7.2.1.2 Prepare covariate input data

It is critical that all of the layers you plan to use and GPS points are in the same coordinate reference system. This can take a long time to reproject layers, crop them, and anything else you need to do for everything to be in the same “world,” but it is critical to do for the later steps of extracting covariates by step.

7.2.2 Making tracks

Once the data is clean, we make the points into a track. If you have more than one individual in the dataset, do it by individual.

Generating tracks:

make_track(locs_prep, x_, y_, t_, all_cols = TRUE, crs = epsg)

7.2.2.1 Check the sampling rate

Now we should check how the sampling rate looks due to the messiness of GPS relocations.

summarize_sampling_rate_many(tar_read(tracks), 'id')

id	min	q1	median	mean	q3	max	sd	n	unit
1072	3.92	9.8	10.0	20.7	10.3	1650	95	1348	min
1465	0.40	2.0	2.0	8.9	4.0	1080	48	3003	min
1466	0.42	2.0	2.1	15.7	4.1	2167	104	1500	min
1078	1.35	9.8	10.0	21.7	10.3	2111	87	1637	min
1469	0.42	2.0	2.2	13.2	5.4	2889	90	2435	min
1016	0.07	1.9	2.0	8.0	2.5	1209	44	8957	min

Data are messy.

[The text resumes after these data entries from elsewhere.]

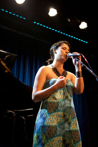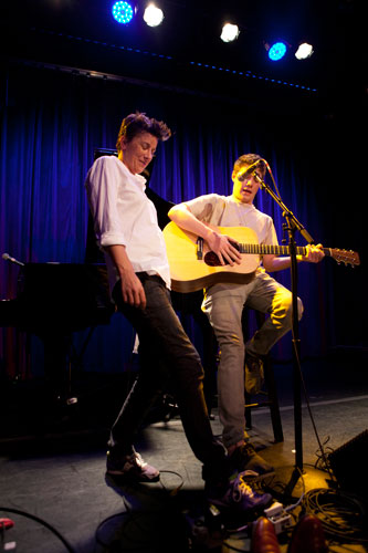 Eight of the artists performed at Cafe 939 one night in early August, one of three shows directed by singer-songwriters Melissa Ferrick '90 and Sally Taylor, and assisted by Berklee faculty members, who mentored the students in songwriting in preparation for the concert. The students brought their finished songs forth, telling tales of loneliness, home, and relationships, among other songworthy fodder.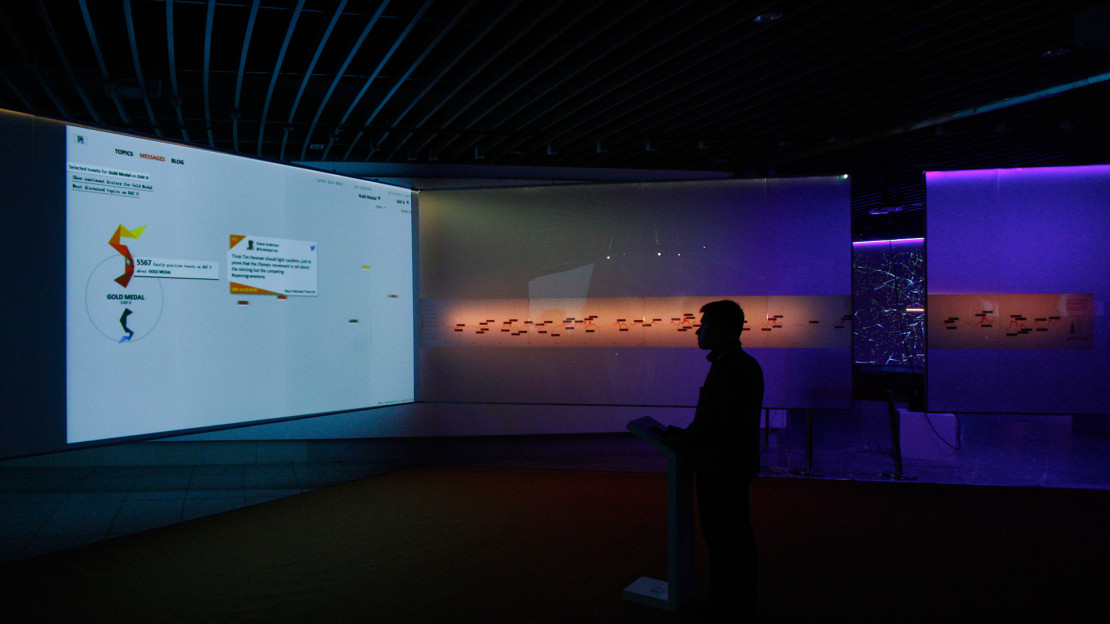 In many ways the crowning piece of the project, and a conceptual counterpoint to the ephemeral web activities, our data sculpture preserved the more than 12 million tweets in physical form. We had 17 plates CNC-milled — one for each day of the games — with a relief heatmap indicating the emotional highs and lows of each day. Overlay projections highlighted individual stories, and visitors could scroll through the most retweeted tweets per hour for each story using a control knob.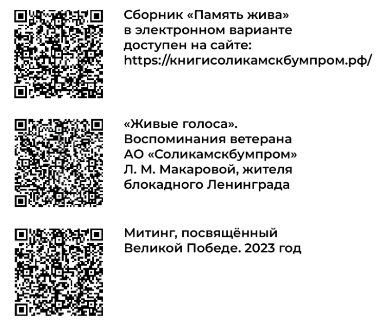 Чтобы сохранить рассказы свидетелей и участников той страшной войны, в 2011 году была инициирована акция «Живые голоса». Ветераны-бумажники делились своими военными и трудовыми воспоминаниями, рассказывали о фронтовых операциях, вспоминали погибших товарищей, вновь и вновь возвращаясь в те годы. Эти живые голоса стали бесценной частью фонда музея истории предприятия. Сегодня каждый может услышать их — аудиозаписи доступны на электронных ресурсах АО «Соликамскбумпром» под хэштегом #живые_голоса. Это уникальная возможность прикоснуться к истории, услышать её из первых уст.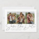 Avec trois photos verticales et un script moderne écrit "enregistrer la date", cette carte est le moyen idéal pour annoncer votre fiançailles et le prochain mariage à vos amis et votre famille. Le texte gris chic est audacieux et moderne mais toujours sophistiqué. Le texte personnalisable sur le devant a de la place pour les noms, la date, l'emplacement et d'autres informations comme un site Web mariage. Le dos est un motif rayé gris et blanc neutre. La couleur est modifiable en cliquant sur "Personnaliser".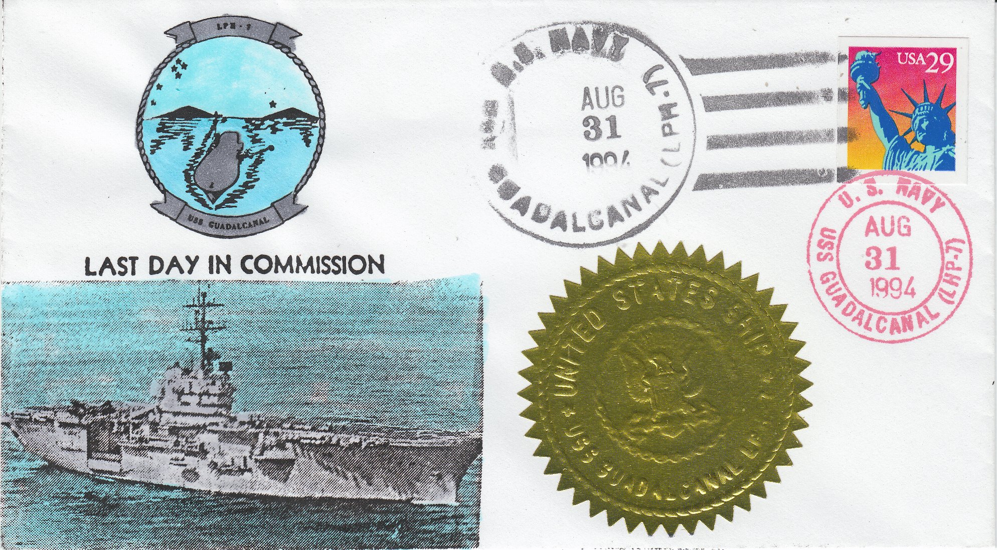 Dieser Beleg dokumentiert den 31.08.1994 als Datum der Ausserdienststellung der USS GUADALCANAL LPH-7: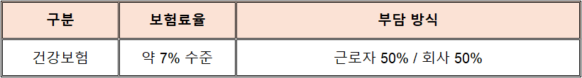 - 건강보험 → 회사 50% + 근로자 50%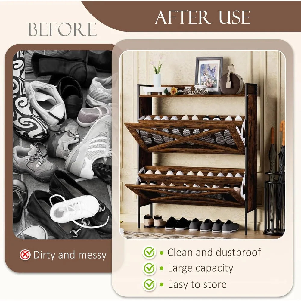 This shoe organizer is designed with a slim and stylish look, making it perfect for fitting into tight spaces in your living room or entryway. Its ultra-thin design allows for maximum space utilization while maintaining a modern aesthetic. The two-drawer shoe storage cabinet provides ample room for organizing your shoes and can be used at the front door or in hallways. It is also an ideal space-saving solution for entryway storage, blending seamlessly with contemporary decor. Made from durable wood, this shoe rack organizer offers long-lasting storage for shoes, bags, or accessories, and is compact enough for any entryway cabinet. Its versatile design allows it to be used as a shoe organizer in entryways, hallways, or closets, enhancing the space with its sleek look while keeping clutter at bay.
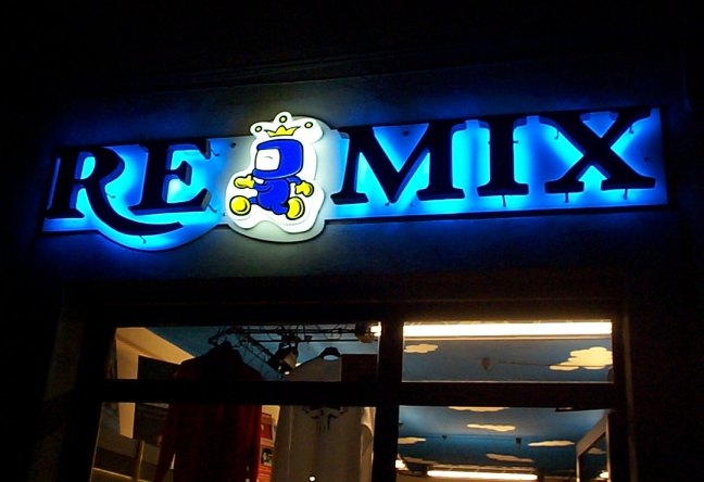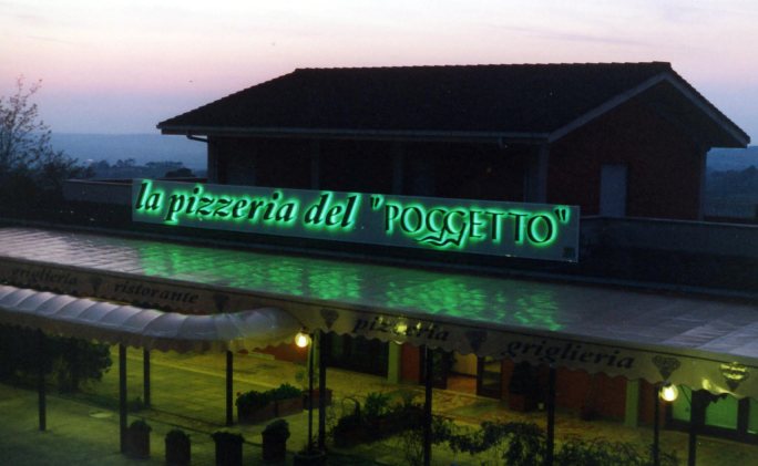 lettere scatolate acriliche trasparenti e non, di vari colori con neon

For iSSA, we need the GPS fixes to happen at regular intervals, the same for all individuals in the model, so we likely need to resample the data.

resample_tracks(tracks, rate = rate, tolerance = tolerance)

In our targets workflow, we have simplified all of this. Here, all you will have to do is at the beginning of the workflow: fill in the Variables to match your data.

# Variables ---------------------------------------------------------------
# Targets: prepare
id_col <- 'id'
datetime_col <- 't_'
x_col <- 'x_'
y_col <- 'y_'
epsg <- 32618
crs <- st_crs(epsg)
crs_sp <- CRS(crs$wkt)
tz <- 'America/New_York'

# Targets: tracks
# Split by: within which column or set of columns (eg. c(id, yr))
#  do we want to split our analysis?
split_by <- id_col

# Resampling rate
rate <- minutes(30)

# Tolerance
tolerance <- minutes(5)

# Number of random steps
n_random_steps <- 10

7.2.3 Steps

Now we have tracks, but a step selection analysis requires steps! So, in our targets workflow, we only keep data for individuals that have at least 3 steps, and this is adjustable depending on what you need.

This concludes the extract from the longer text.